TASK REQUIREMENTS:
Using the records below, copy exactly the part that opens with the line holding "給食室より出火・延焼中と想定して、避難訓練が行われました。" and closes with the line holding "Free Your Hands", minus the pictures.

EXTRACTED ENTRIES:
+++
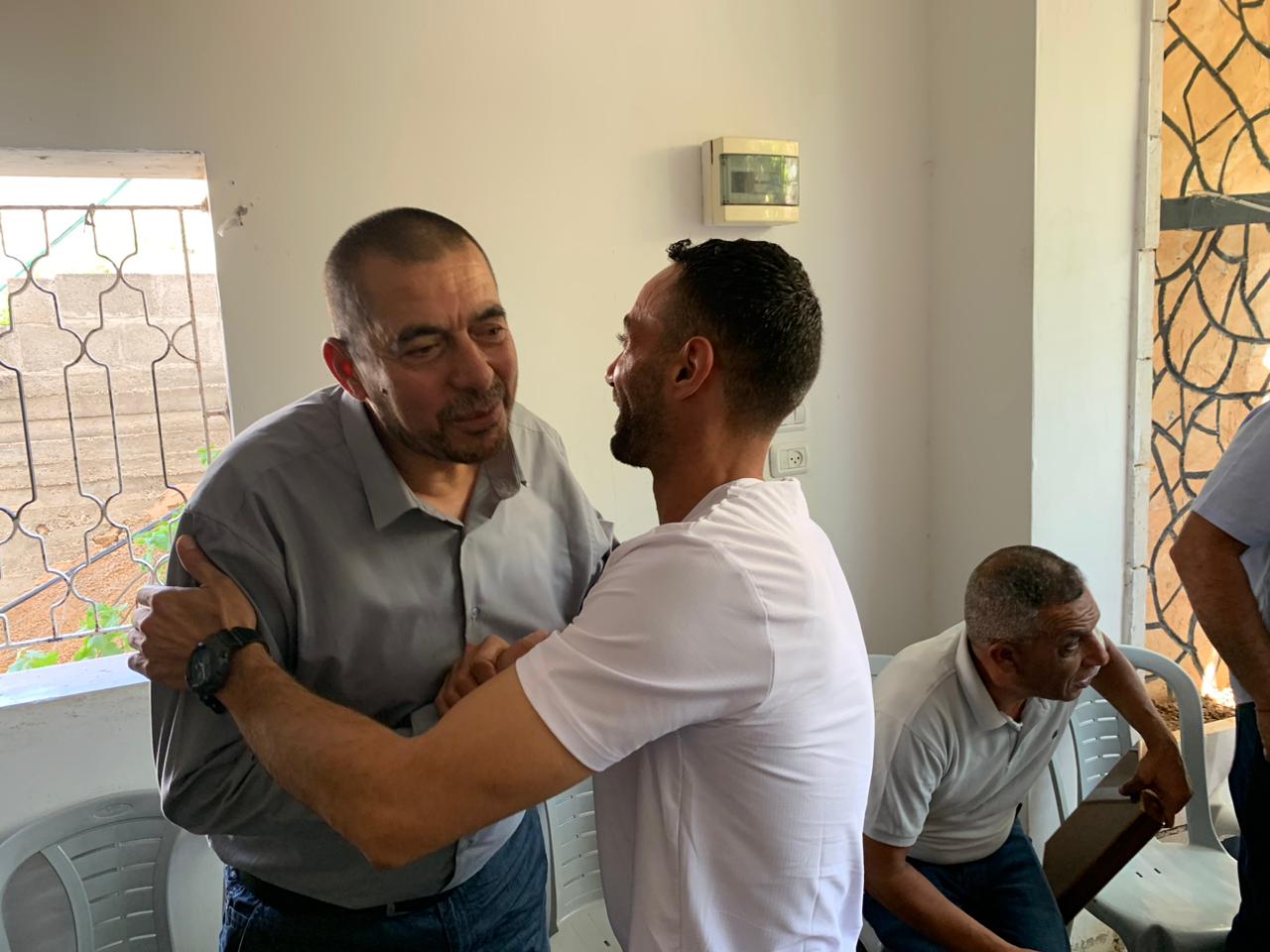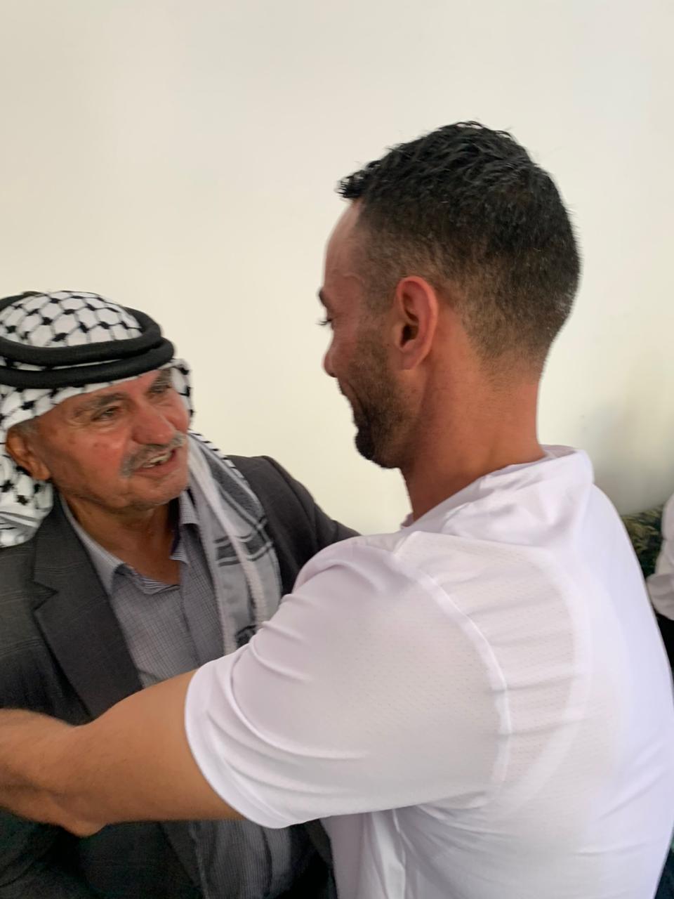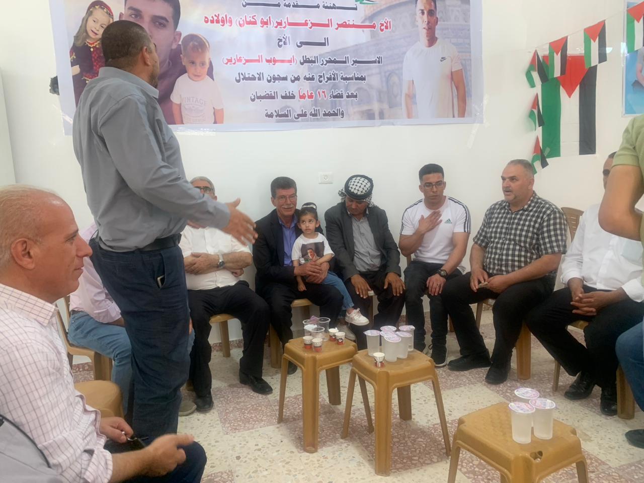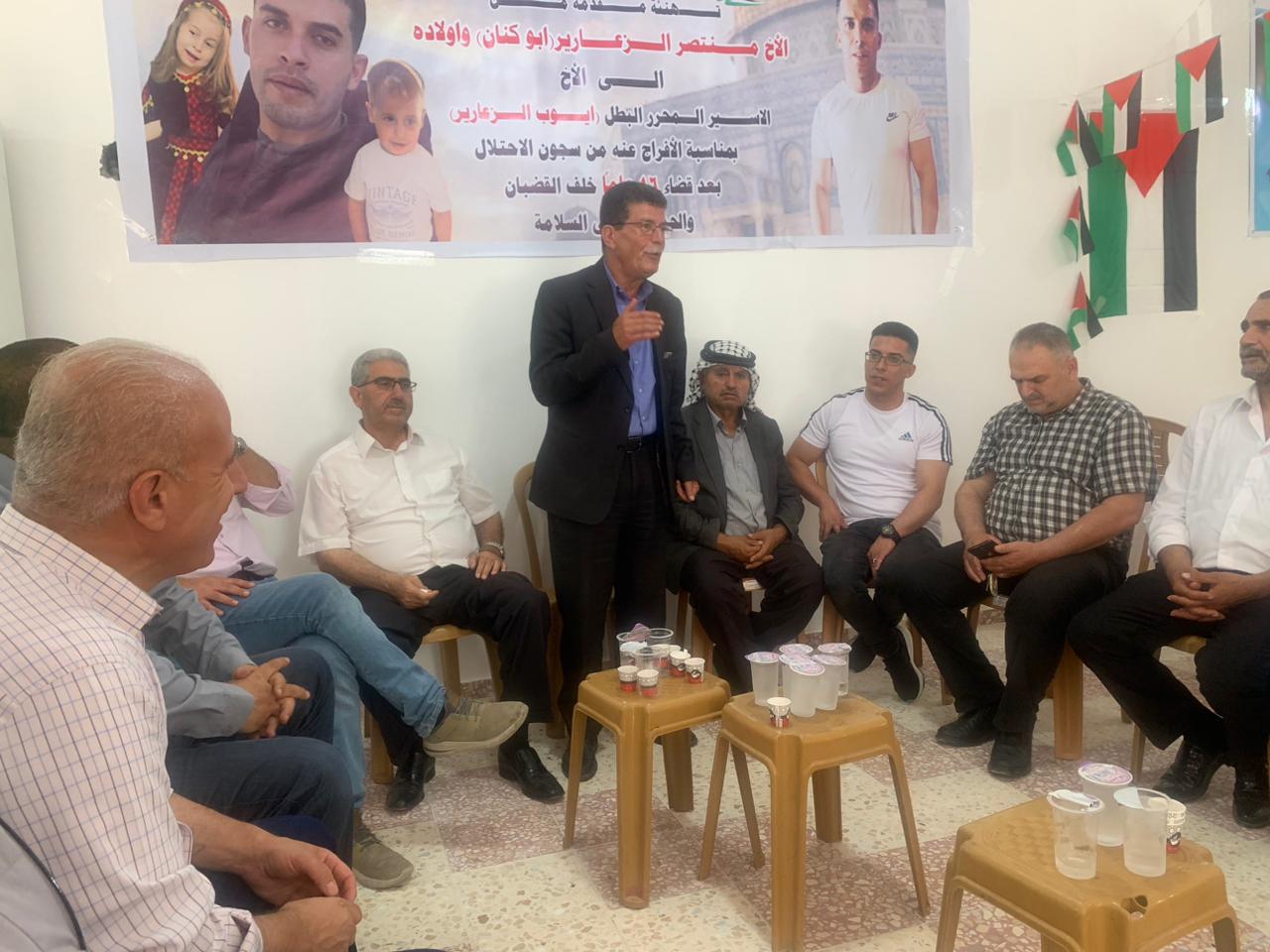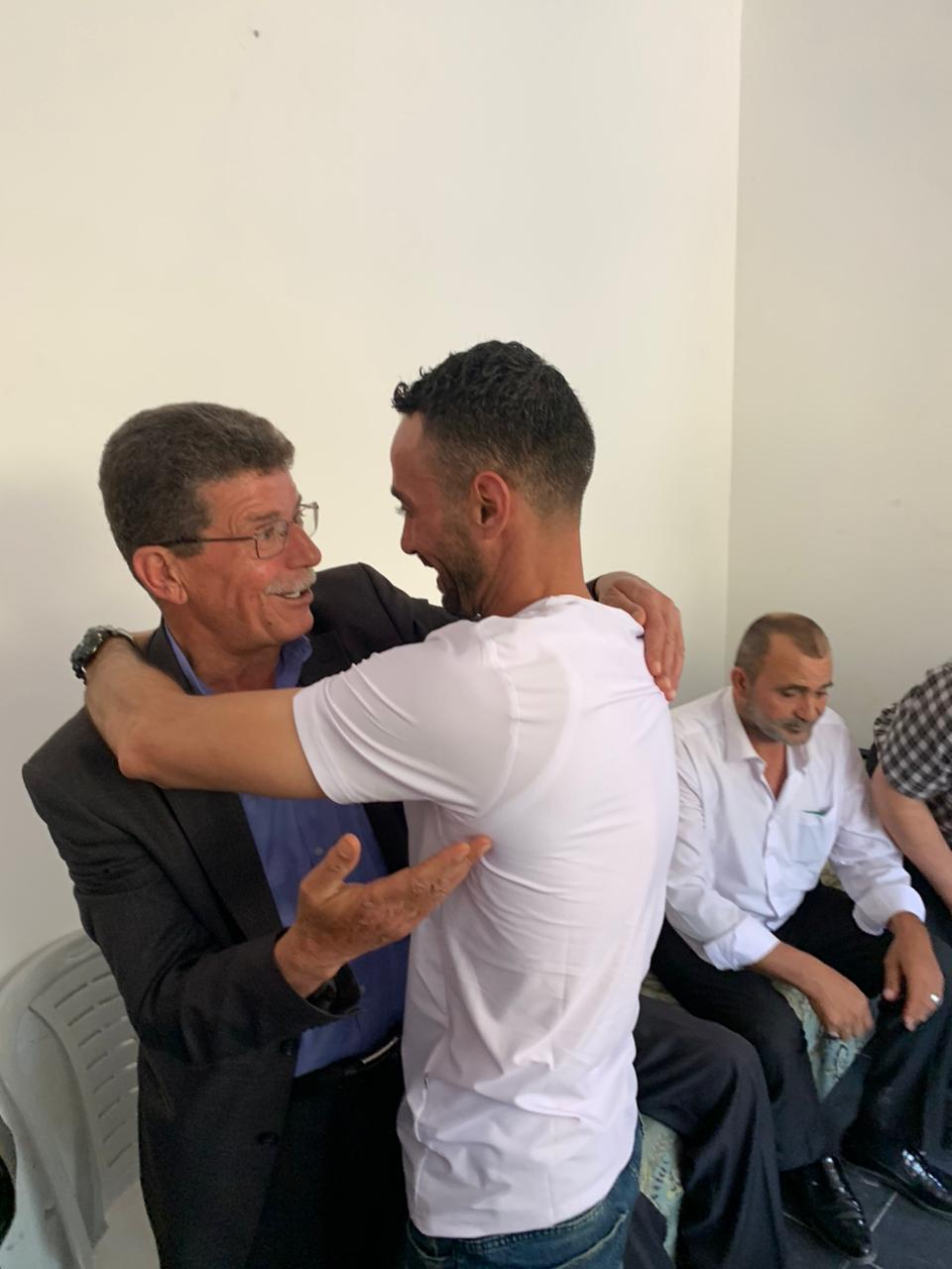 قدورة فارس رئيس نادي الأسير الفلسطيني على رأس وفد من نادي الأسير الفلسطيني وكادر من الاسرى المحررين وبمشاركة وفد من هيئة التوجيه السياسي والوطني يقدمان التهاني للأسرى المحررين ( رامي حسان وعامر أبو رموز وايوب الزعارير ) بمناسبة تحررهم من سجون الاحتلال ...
+++
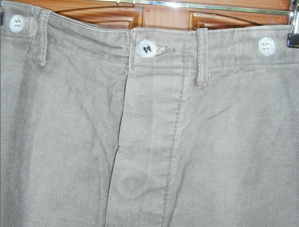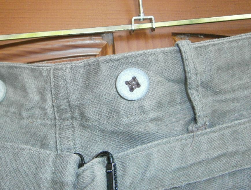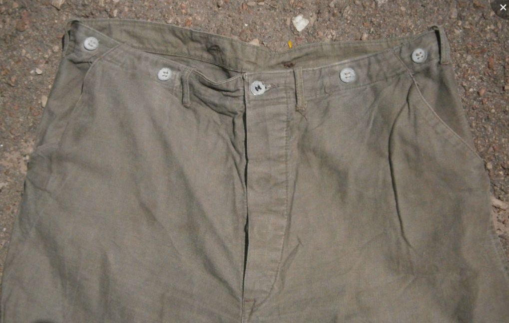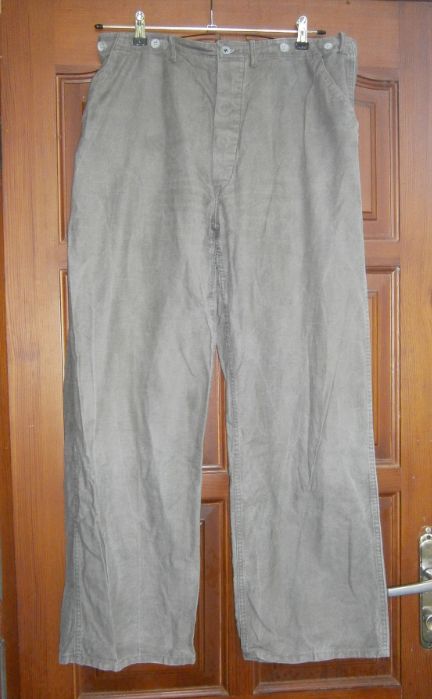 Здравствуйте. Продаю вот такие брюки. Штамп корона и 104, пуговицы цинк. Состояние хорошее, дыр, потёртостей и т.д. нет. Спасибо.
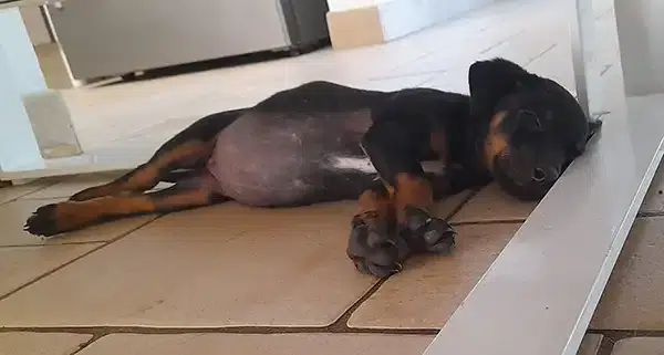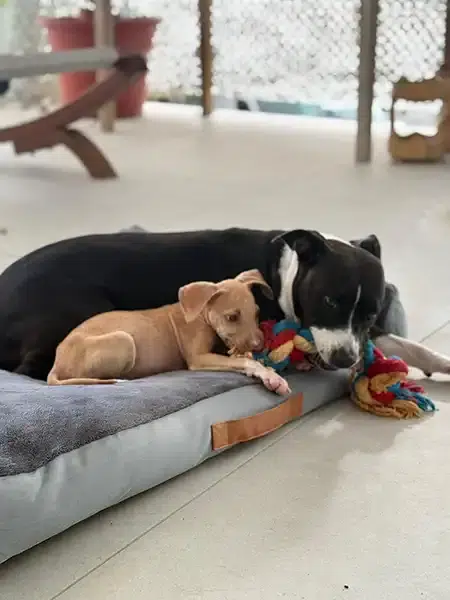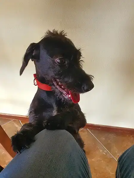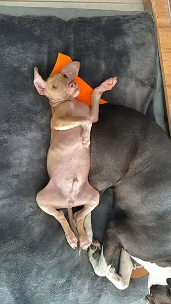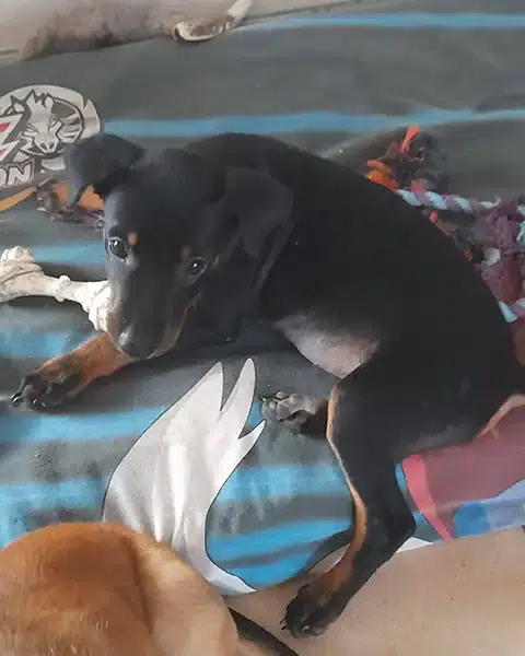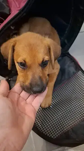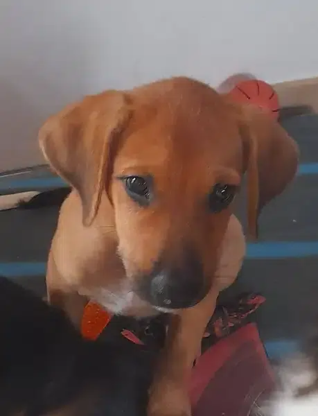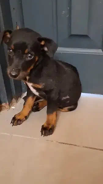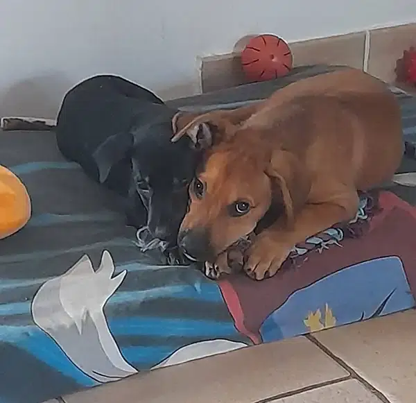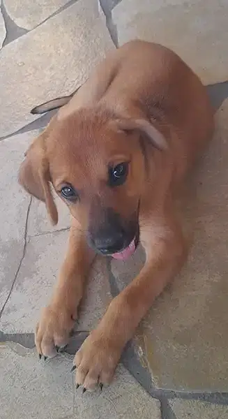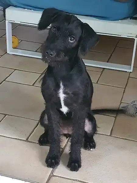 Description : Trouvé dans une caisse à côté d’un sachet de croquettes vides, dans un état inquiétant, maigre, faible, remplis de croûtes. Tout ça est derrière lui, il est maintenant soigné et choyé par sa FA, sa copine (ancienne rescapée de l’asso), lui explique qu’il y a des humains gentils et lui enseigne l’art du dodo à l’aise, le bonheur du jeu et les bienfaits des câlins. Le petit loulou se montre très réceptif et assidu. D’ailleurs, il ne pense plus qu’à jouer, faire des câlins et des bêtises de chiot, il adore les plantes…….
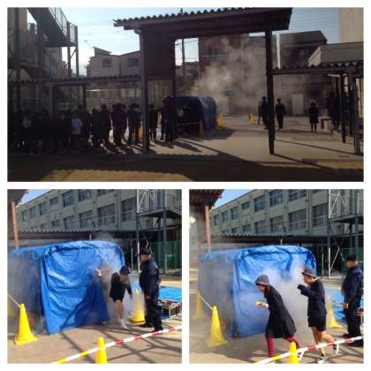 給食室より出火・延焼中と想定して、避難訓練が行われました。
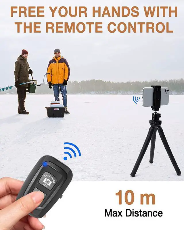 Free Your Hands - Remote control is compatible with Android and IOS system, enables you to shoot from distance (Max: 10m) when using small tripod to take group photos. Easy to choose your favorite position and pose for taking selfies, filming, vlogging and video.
+++
REPLY TO THE TASK:
 給食室より出火・延焼中と想定して、避難訓練が行われました。
 Free Your Hands - Remote control is compatible with Android and IOS system, enables you to shoot from distance (Max: 10m) when using small tripod to take group photos. Easy to choose your favorite position and pose for taking selfies, filming, vlogging and video.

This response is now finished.